In chapter 24, Tacitus writes that Ireland’s extent is small when compared with Britain, but exceeds the islands of “our” seas (Sardinia, Sicily). Notice that the Brigantes have territory in Ireland also.

“In soil and climate, in the disposition, temper, and habits of its population, Ireland differs but little from Britain.”

“I have often heard Agricola say that a single legion with a few auxiliaries could conquer and occupy Ireland, and that it would have a salutary effect on Britain for the Roman arms to be seen everywhere, and for freedom, so to speak, to be banished from its sight.”

Meanwhile, Agricola was campaigning in the north when the Caledonii took the opportunity to attack the forts to the rear of Agricola’s campaigning column.

Seeking to confront the Caledonii, and without knowing from which glens they would emerge, Agricola split his forces into three separate battlegroups.

The Caledonians, correctly identifying the weakest, most exposed Roman battlegroup gathered their forces together and attacked and almost conquered Legio IX, the Ninth legion. This attack was fought off only with difficulty and reliance on a relief column led by Agricola.

Sometime after 108 CE, Legio IX disappeared from the records. The popular version of events is that the Ninth ~ numbering about 5,000 men ~ was sent to vanquish the Picts in Caledonia and mysteriously never returned. The real reason that the Ninth “disappeared” is probably much more mundane in that they were likely disbanded, but who knows?

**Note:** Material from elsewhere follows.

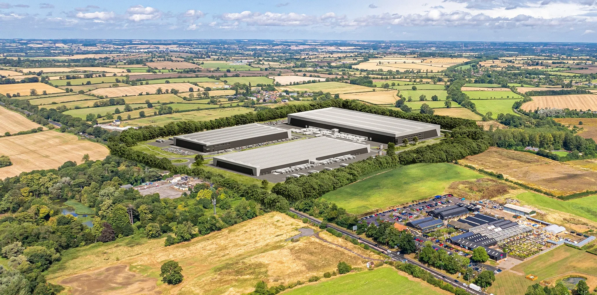 The first site, located in Northamptonshire, comprises approximately 80 acres and has recently received hybrid planning consent at appeal. The development will deliver approximately 1 million sq ft across three units of 223,269 sq ft, 361,724 sq ft, and 412,073 sq ft.

At any rate, a popular film The Eagle has been made about this question, with the usual Hollywood distortions.

Legio IX was called “Hispana” because Julius Caesar founded it in Spain in 65 BCE.

And now in his work, Tacitus introduces a little diversion because of its inherent interest. On the west coast of Scotland, at Vindogara, probably modern Irvine in Ayrshire, in 82 CE,  a cohort of Usipi, that had been recruited in Germania and transferred to Brittania, murdered their centurion and the Roman soldiers who had joined them to teach them discipline.

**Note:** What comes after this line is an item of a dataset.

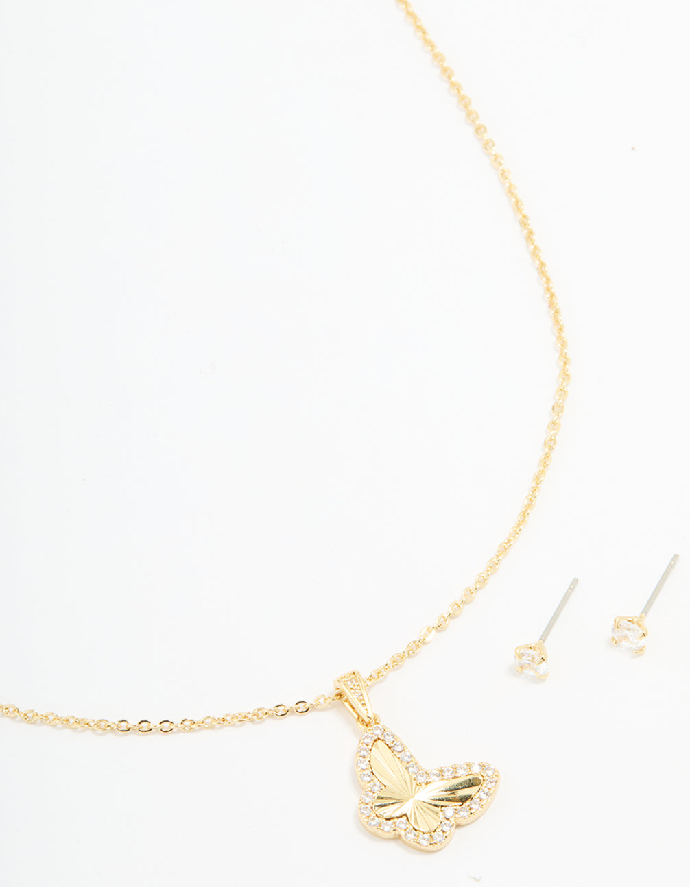Gold Plated Cubic Zirconia Butterfly Necklace & Stud Earrings Set

The Usipi deserted, sailed around the coast of Britain, and escaped to the Continent. This tribe lived in Germania where the Lippe and the Rhine flow together. The Usipi’s voyage in three liburnians around the south of Britain finally demonstrated to Agrigcola that Britain was indeed an island.

The liburnia, so called because the Romans copied the ship design from the pirates of Liburnia, had only two rows of oars, and the Romans came to prefer it because of its great speed and maneuverability.

The Usipi mutineers lost their ships through bad seamanship. The Suebi and the Frisii, taking them for pirates, attacked them  and sold them into slavery. So ends this digression in Tacitus’ history.

The battle of Mons Graupius was a Roman military victory in 83 CE. The exact location of the battle remains a matter of debate.

Agricola had sent his fleet ahead to panic the Caledonians, and, with light infantry reinforced with British and German auxiliaries, he reached the site, which he found occupied by the enemy.

Even though the Romans were outnumbered in their campaign against the tribes of Britain, they often had difficulties in getting their foes to face them in open battle. The Caledonians were the last to be subdued. After many years of avoiding the fight, the Caledonians were forced to join battle when the Romans marched on the main granaries of the Caledonians, just as they had been filled from the harvest. The Caledonians had no choice but to fight, or starve over the next winter.

Non Romans did much or most of the fighting on the Roman side. The legions were held back, and it was considered a better victory if they didn’t have to enter combat at all. The allied auxiliary infantry (meaning Britons and Germans who sided with Agricola) numbered 8,000 and was in the center of the battle line.

Three thousand cavalry were on the flanks and the legionaries were in front of their camp as a reserve. The Roman army was 17,000 – 30,000 strong, and the Caledonians, stationed on higher ground up the slope of the hill in horseshoe formation, were about 30,000.

After an exchange of missiles, Agricola ordered the auxiliaries to close with the enemy. The Caledonians were cut down and trampled on the lower slopes of the hill. Those at the top attempted an outflanking movement, but were themselves outflanked by Roman cavalry. The Caledonians were then routed and they fled for the shelter of nearby woodland, but were relentlessly pursued by well-organized Roman units.

According to Tacitus, 10,000 Caledonian lives were lost at a cost of only 360 auxiliary troops. This is most likely an exaggeration. Roman accounts of enemy dead were often suspect, especially with such a huge difference in numbers. Twenty thousand Caledonians retreated into the woods, where they fared considerably better against pursuing forces. Roman scouts were unable to locate the remaining Caledonian forces the next morning.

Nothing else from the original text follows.